- **Supplied data**
* * * *

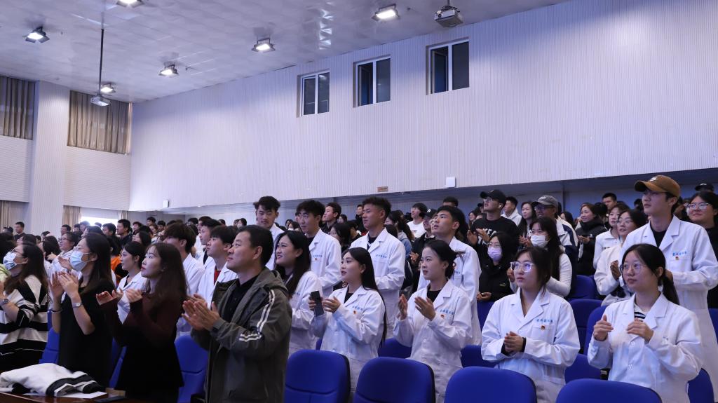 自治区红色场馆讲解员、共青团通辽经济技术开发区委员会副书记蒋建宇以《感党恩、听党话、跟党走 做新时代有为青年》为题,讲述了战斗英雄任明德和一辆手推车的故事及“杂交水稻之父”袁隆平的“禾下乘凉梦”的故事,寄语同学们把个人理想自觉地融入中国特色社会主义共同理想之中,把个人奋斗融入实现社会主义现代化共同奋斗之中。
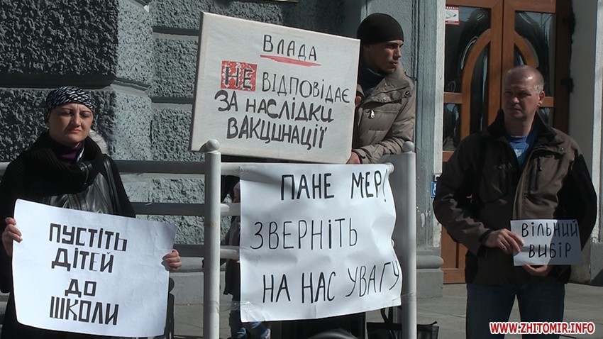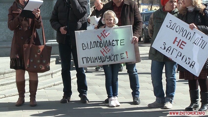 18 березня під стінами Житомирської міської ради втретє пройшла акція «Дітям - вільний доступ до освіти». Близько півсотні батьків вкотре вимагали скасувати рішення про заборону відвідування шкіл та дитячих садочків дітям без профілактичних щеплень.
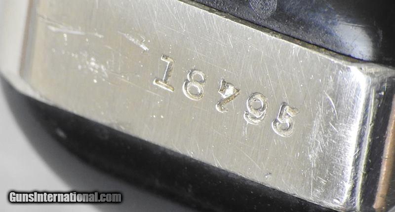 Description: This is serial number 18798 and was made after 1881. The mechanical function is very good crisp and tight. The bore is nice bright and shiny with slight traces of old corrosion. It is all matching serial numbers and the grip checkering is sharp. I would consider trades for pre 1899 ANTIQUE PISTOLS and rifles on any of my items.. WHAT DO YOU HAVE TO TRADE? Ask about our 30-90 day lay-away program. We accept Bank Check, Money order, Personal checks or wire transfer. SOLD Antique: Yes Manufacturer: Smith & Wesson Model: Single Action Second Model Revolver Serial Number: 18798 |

* * * *

Could the material above be given again in full and exactly, with its pictures left out?

 自治区红色场馆讲解员、共青团通辽经济技术开发区委员会副书记蒋建宇以《感党恩、听党话、跟党走 做新时代有为青年》为题,讲述了战斗英雄任明德和一辆手推车的故事及“杂交水稻之父”袁隆平的“禾下乘凉梦”的故事,寄语同学们把个人理想自觉地融入中国特色社会主义共同理想之中,把个人奋斗融入实现社会主义现代化共同奋斗之中。
 18 березня під стінами Житомирської міської ради втретє пройшла акція «Дітям - вільний доступ до освіти». Близько півсотні батьків вкотре вимагали скасувати рішення про заборону відвідування шкіл та дитячих садочків дітям без профілактичних щеплень.
 Description: This is serial number 18798 and was made after 1881. The mechanical function is very good crisp and tight. The bore is nice bright and shiny with slight traces of old corrosion. It is all matching serial numbers and the grip checkering is sharp. I would consider trades for pre 1899 ANTIQUE PISTOLS and rifles on any of my items.. WHAT DO YOU HAVE TO TRADE? Ask about our 30-90 day lay-away program. We accept Bank Check, Money order, Personal checks or wire transfer. SOLD Antique: Yes Manufacturer: Smith & Wesson Model: Single Action Second Model Revolver Serial Number: 18798 |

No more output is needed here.